*

Marcelo Padovani (Philips): "Ayuda si se amplía el régimen"

En diálogo con Infotechnology.com, el vicepresidente de Consumer Lifestyle para Argentina de Philips cuenta cómo es producir en el fin del mundo y por qué el polo productivo todavía no logra levantar realmente vuelo para poder hacerle sombra al de Manaos, en Brasil. 29 de Julio 2010
Marcelo Padovani (Philips): "Ayuda si se amplía el régimen"

Philips, la compañía holandesa de productos para el hogar y de tecnología, es uno de los históricos global players con presencia en Tierra del Fuego. La compañía, que el año pasado generó 23.189 millones de euros en ventas en todo el mundo, produce en la isla LCDs/LEDs  y componentes de audio, entre otros. Para este año, anunció un incremento de su inversión que alcanza u$s 5 millones y proyecta una facturación anual de $ 1.800 millones, aspira a vender 250.000 en el mercado interno. Marcelo Padovani, vicepresidente de Consumer Lifestyle para Argentina comenta qué factores favorecen a la isla como lugar de producción, cómo impactó el impuesto tecnológico y qué le falta a la provincia para poder aspirar a tener un éxito similar al polo productivo de Manaos, en Brasil.

¿Qué balance hacen a un año con el impuesto tecnológico?
En realidad, pasaron dos cosas para Philips: la primera es que, en cuanto a los impuestos internos se equipararon los productos de fabricación nacional con los productos importados.  Entonces, el impacto se dio sobre productos que ya teníamos y estamos viendo cuánto nos conviene hacerlo para todos. O sea: sumar dos DVDs más, equipos de audio portable (los MP4) y equipos de audio mini.

¿El mayor esfuerzo se centra  en LEDs y LCDs?
Efectivamente. En lo que es LCDs, nosotros estamos cambiando todas las líneas.
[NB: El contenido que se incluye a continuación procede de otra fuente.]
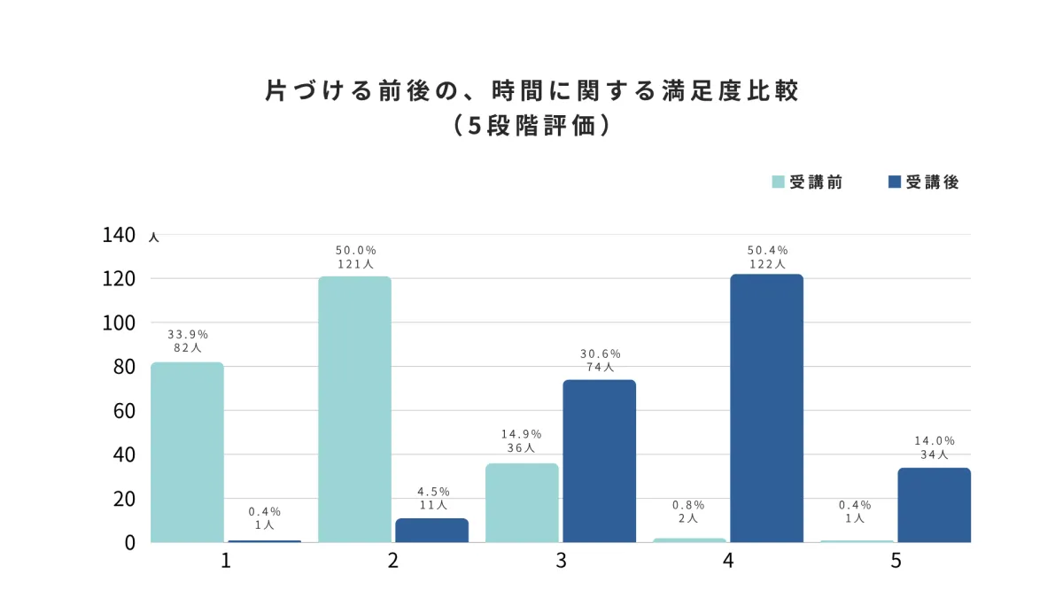調査によると、家庭力アッププロジェクト®に参加する前には「時間の使い方に満足している」と感じていた人は14.9%だったのに対し、受講後にはその数字が50.4%に上昇しました。これは、家庭環境を整えることによって、時間の使い方に対する満足感が大きく改善されたことを示しています。
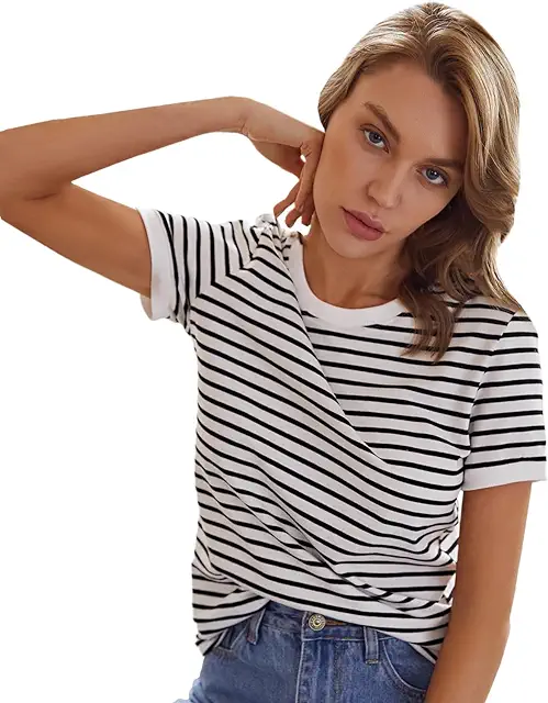 Stripe Printed Short Sleeve Regular Fit Top for Women

Y, obviamente, eso genera un aumento de inversiones. Lo que pasa es que, por el régimen que tiene Tierra del Fuego, la empresas estamos obligados a producir allá todos los componentes que integramos en un producto. Se entiende como un estándar complete knock down y significa que uno tiene que integrar dentro del proceso productivo un porcentaje altísimo. Cada fábrica está obligada a tener, dentro de su proceso de fabricación sus máquinas, sus hornos, produce cada una sus placas para hacer sus televisores.

En comparación, ¿cuánto menos costos de producción le insume a ustedes tener un régimen como Manaos, donde pueden apalancarse en una red de proveedores?
Sería injusto decir in número porque ahí entran a jugar muchas incidencias. Por ejemplo, si el volumen de producción para el que fuera el productor no es lo suficientemente grande, el costo sería mayor. En lugar de tener un ahorro tengo un costo más alto porque lo obligo a un productor aislado a hacemos volúmenes chicos. Haciéndolo en mi fábrica, tengo sinergias que puedo aprovechar para toda mi cadena productiva en la región.
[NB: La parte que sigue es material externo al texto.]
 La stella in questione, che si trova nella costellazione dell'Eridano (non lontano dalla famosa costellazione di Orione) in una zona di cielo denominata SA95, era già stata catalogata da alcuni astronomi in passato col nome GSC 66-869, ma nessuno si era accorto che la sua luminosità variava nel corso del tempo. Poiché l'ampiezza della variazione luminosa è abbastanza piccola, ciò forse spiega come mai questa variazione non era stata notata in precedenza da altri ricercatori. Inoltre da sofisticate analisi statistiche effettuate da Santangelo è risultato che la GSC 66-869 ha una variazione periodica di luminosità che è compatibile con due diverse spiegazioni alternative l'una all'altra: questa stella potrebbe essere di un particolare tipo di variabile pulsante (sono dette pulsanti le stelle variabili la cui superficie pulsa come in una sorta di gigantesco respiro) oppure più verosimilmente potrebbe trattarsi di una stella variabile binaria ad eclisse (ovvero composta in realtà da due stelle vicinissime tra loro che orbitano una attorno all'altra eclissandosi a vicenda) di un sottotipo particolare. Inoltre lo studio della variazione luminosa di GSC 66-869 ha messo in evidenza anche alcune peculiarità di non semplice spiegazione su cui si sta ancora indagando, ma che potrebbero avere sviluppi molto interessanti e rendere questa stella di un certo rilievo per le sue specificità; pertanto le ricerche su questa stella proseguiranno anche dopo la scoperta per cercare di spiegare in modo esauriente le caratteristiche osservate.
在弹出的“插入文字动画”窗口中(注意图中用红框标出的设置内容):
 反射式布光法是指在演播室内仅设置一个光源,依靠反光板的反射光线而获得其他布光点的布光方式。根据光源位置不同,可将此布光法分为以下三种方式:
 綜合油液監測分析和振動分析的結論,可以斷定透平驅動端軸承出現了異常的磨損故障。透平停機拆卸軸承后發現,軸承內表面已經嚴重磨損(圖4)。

¿Cómo se refleja eso en los costos y con un centro de producción como lo es Manaos?
Manaos tiene un régimen que permite que haya proveedores externos de, por ejemplo, placas eléctricas, placas de procesamiento, para nombrar algunos.

¿Entonces, cuál de los sistemas es el más útil para ustedes?
Si uno tiene un volumen de producción que a la industria general le haga sentido, convendría más tener un tercero que le produzca las placas a todos.

Por lógica, uno pensaría que eso y le vendría bien a los precios que ustedes como productores finalmente vuelvan en los consumidores.
Exactamente. Eso es un poco lo que pasa en el polo de Manaos. Entonces, como una cuestión de eficiencia y si hubiera un volumen razonable, tendría más sentido que, dentro del polo industrial, haya proveedores que le vayan proveyendo a uno de esas partes. Hoy no es así.

El impuesto tecnológico apuntaba a generar y atraer trabajo e inversión, sin importar el tamaño de la empresa. Sin embargo, con un régimen como el que rige, eso no sería el caso.
Por eso, nosotros, desde la provincia y desde la cámara de fabricantes, también propugnamos tener un régimen que se asemeje más a lo que es hoy Manaos justamente para promover mayor diversidad de empresas y mayor interés de terceros y proveedores. Ni tienen que ser empresas que quieran producir, por ejemplo celulares. Simplemente, si es una empresa que quiera aprovechar el régimen para hacer tareas de inyectado de plástico, por decir algo. Porque si bien no son linealmente de peso para la producción de un aparato, pero si pueden ser relevante para la producción de accesorios o la materia prima para la producción.

La respuesta a ese reclamo e los entes públicos, ¿cuál es? 
Es positiva. Ellos lo están estudiando. También hay que recordar que el régimen de producción es una norma legal. Los cambios exigen cumplir con ciertos procedimientos y requerimientos. Lo que sucedió con el tema del impuesto tecnológico y sobre los impuestos internos es algo más simple. Porque, a través de un decreto, uno puede modificar las posiciones arancelarias y ahí se abre el juego.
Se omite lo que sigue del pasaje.